Practice A01 |
\(\displaystyle{\lim_{x\to\pi/2}{\left[\frac{\tan(2x)}{x-\pi/2}\right]}}\) |
If we plug in \( \pi/2 \) for x, we get \( 0/0 \) which is indeterminate. This means we can use L'Hôpital's Rule.
\(\displaystyle{ \lim_{x \to \pi/2}{\left[ \frac{\tan(2x)}{x-\pi/2} \right]} = }\)
\(\displaystyle{\lim_{x \to \pi/2}{\left[ \frac{2 \sec^2(2x)}{1} \right]} = 2 \sec^2(\pi) = 2 }\)

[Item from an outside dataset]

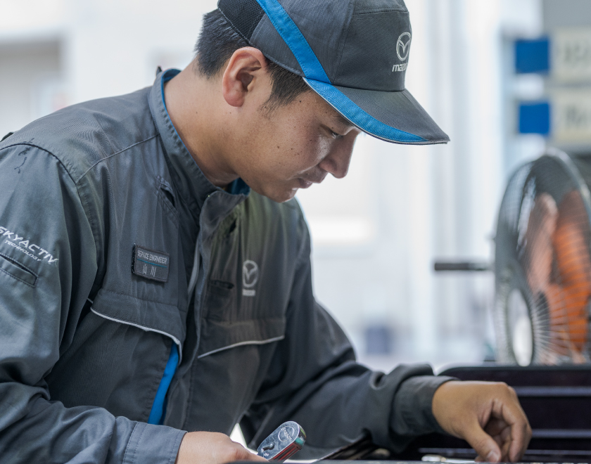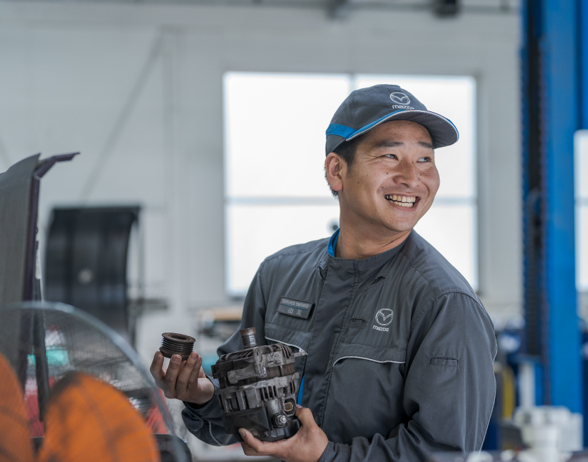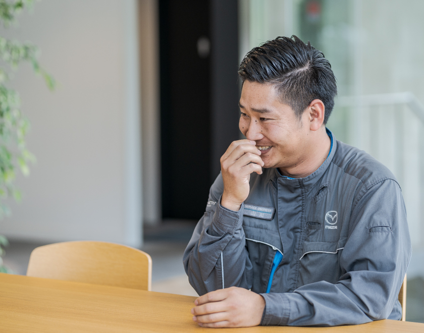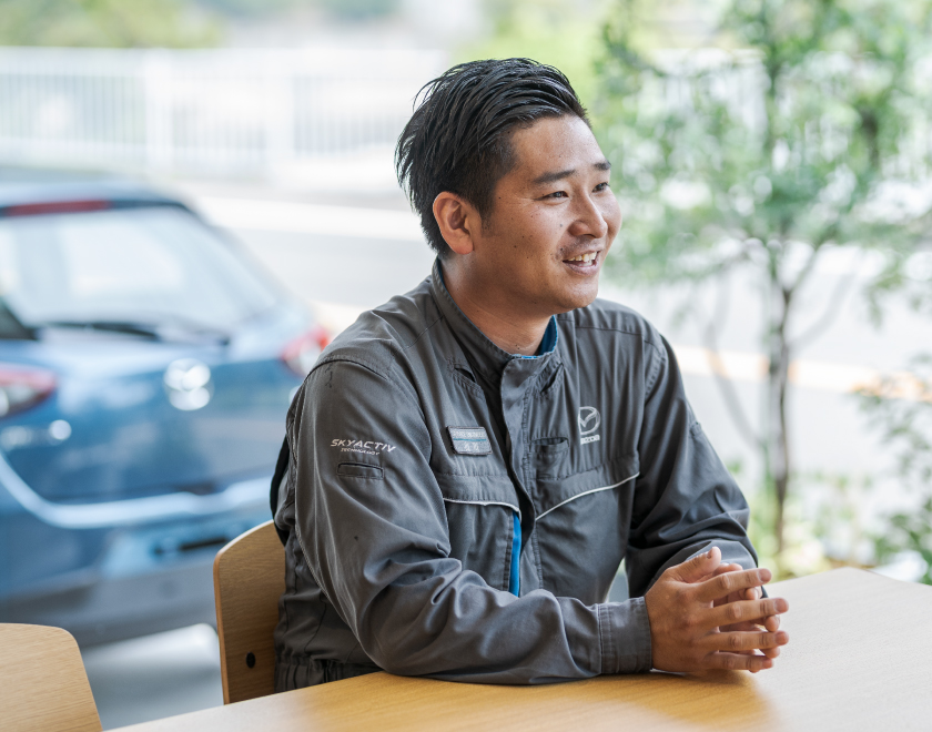 社員同士のコミュニケーションはとても円滑で、整備スタッフはもちろん、他の部署とも話しやすい関係です。仕事の小さな疑問点もすぐに答えてくれるし、明るく相談しやすい雰囲気だと感じています。僕はもともと人見知りするタイプですが、先輩から進んで声をかけてくれて今ではすっかり仲良しです。ときには冗談を言い合いながら、でもやるべきことは真面目にしっかりと。そうした切り替えがうまくできているのも西九州マツダの整備スタッフの特徴です。

Note: You could also solve this using trig identities (but that's a lot more work).
Practice A01 Final Answer |
\(\displaystyle{\lim_{x\to\pi/2}{\left[\frac{\tan(2x)}{x-\pi/2}\right]}=2}\) |
Practice A02 |
\(\displaystyle{\lim_{x\to2}{\left[\frac{3x^2-x-10}{x^2-4}\right]}}\) |
First of all, you always want to try direct substitution. When you do this, you get \(0/0\) which is indeterminate.

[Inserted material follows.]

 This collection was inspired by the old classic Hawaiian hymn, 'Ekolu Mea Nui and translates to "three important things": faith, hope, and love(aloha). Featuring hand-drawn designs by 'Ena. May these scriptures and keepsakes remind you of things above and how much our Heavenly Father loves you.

There are at least two ways to solve this.
We will solve it using L'Hôpital's Rule here. See the
finite limits page for an alternative solution.
\(\displaystyle{ \lim_{x \to 2} \left[ \frac{3x^2-x-10}{x^2-4} \right] = }\) \(\displaystyle{
\lim_{x \to 2} \left[ \frac{6x-1}{2x} \right] = }\) \(\displaystyle{
\frac{6(2)-1}{2(2)} = 11/4 }\)
Remember: You can use L'Hôpital's Rule only if you have an indeterminate form.
Practice A02 Final Answer |
\(\displaystyle{\lim_{x\to2}{\left[\frac{3x^2-x-10}{x^2-4}\right]}=11/4}\) |
Practice A03 |
\(\displaystyle{\lim_{x\to3}{\left[\frac{x^4-81}{2x^2-5x-3}\right]}}\) |
First of all, you always want to try direct substitution. When you do this, you get \(0/0\) which is indeterminate.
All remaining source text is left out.